U.S. to target health-care fraud in bid to reclaim huge losses
Justice, HHS officials say billions of dollars at stake
WASHINGTON – Senior Obama administration officials on Wednesday launched a high-level task force to use technology to help detect and prevent health-care fraud that robs the nation’s coffers of billions of dollars each year.
Attorney General Eric Holder and Health and Human Services Secretary Kathleen Sebelius also directed federal investigators and prosecutors to expand special strike forces to Detroit and Houston, where “erratic” billing data suggest high levels of fraud, waste and abuse in Medicare and Medicaid programs.
Together, the actions signal the Obama administration’s biggest push since taking office to halt fraudulent claims in programs that expend hundreds of billions of dollars a year for health care for the poor, elderly and disabled.
“When individuals and corporations cross the line, we will hold them accountable,” Holder said at a news conference in Washington.
Sebelius added: “What we’re talking about today is theft, plain and simple.”
The announcement comes a week after the trustees who monitor Medicare’s finances predicted that the trust fund that pays hospital bills for elderly patients will be depleted by 2017, a year earlier than previously expected. Medicare’s eroding financial stability increases the pressure on authorities to cut down on fraud.
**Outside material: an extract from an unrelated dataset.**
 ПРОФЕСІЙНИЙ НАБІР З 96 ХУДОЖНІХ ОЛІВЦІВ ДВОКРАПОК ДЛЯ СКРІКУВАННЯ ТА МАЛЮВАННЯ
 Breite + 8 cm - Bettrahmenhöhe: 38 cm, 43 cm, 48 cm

The new Health Care Fraud Prevention and Enforcement Action Team will be composed of senior-level officials at the Justice Department and HHS. The group will use electronic claims data, as well as the threat of federal prosecution, to look for unusual billing problems.
The largest sums by far recovered by the federal government in recent years have come through Justice Department intervention in whistleblower lawsuits, many filed under the False Claims Act against pharmaceutical companies. Such settlements are on track to reach record highs for fiscal year 2009, according to lawyers who follow the cases.
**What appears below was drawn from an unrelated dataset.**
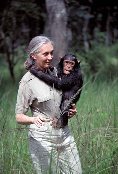 “Chimpanzees use more different objects as tools than any creature except ourselves”, she explained. “They use sticks for feeding, crumpled leaves for drinking water, even stones and branches as weapons.”
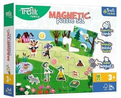 W zestawie: puzzle magnetyczne, dwa zestawy magnesów do przyczepienia na puzzle, 12 kart z inspiracjami do odtworzenia scenek.

In January, Eli Lilly agreed to pay $1.4 billion in criminal fines and civil damages to resolve allegations that it defrauded Medicaid and Medicare through improper marketing of its anti-psychotic drug Zyprexa to treat dementia and other diseases afflicting the elderly, for which it was not approved by the FDA. Cases involving two related drugs marketed by other manufacturers are still pending, lawyers said. False-claims cases often proceed for years under seal while prosecutors and civil division lawyers investigate.
Last month, Quest Diagnostics agreed to plead guilty and pay more than $300 million in connection with faulty test kits sold to labs across the country, one of the largest such recoveries in a medical device case.
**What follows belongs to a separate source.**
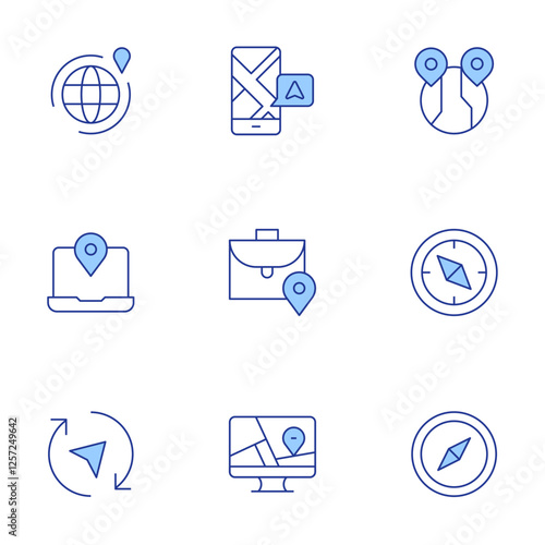 Navigation icons set. Line Duotone style, editable stroke. gps, pin, navigation, around the world, compass
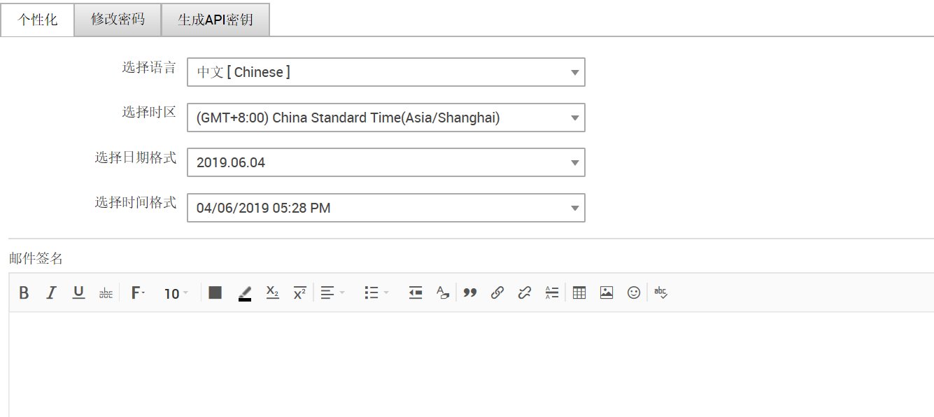 个性化选项卡由选择语言、选择时区、日期格式、时间格式和邮件签名组成。

Other major pharmaceutical companies have reserved hundreds of millions of dollars for possible settlements that could come later this year, according to analysts who have followed the issues. And Monday, Justice Department leaders announced that the federal government and 16 states would intervene in a major whistleblower case alleging that Wyeth overcharged the government for stomach acid drugs purchased through the Medicaid program.
Department lawyers have been sorting through a backlog of the complex cases. Under the president’s 2010 budget request, the Justice Department would receive $10 million to police fraud in the bailout and stimulus programs.
“The Department of Justice has done great work,” said Patrick Burns, a spokesman for Taxpayers Against Fraud, a lawyers group that represents whistleblowers. “I just wish the Civil Division had more people to help reel in the fraudsters already on the line, as scores of billions of dollars are waiting to be recovered from the health-care industry alone.”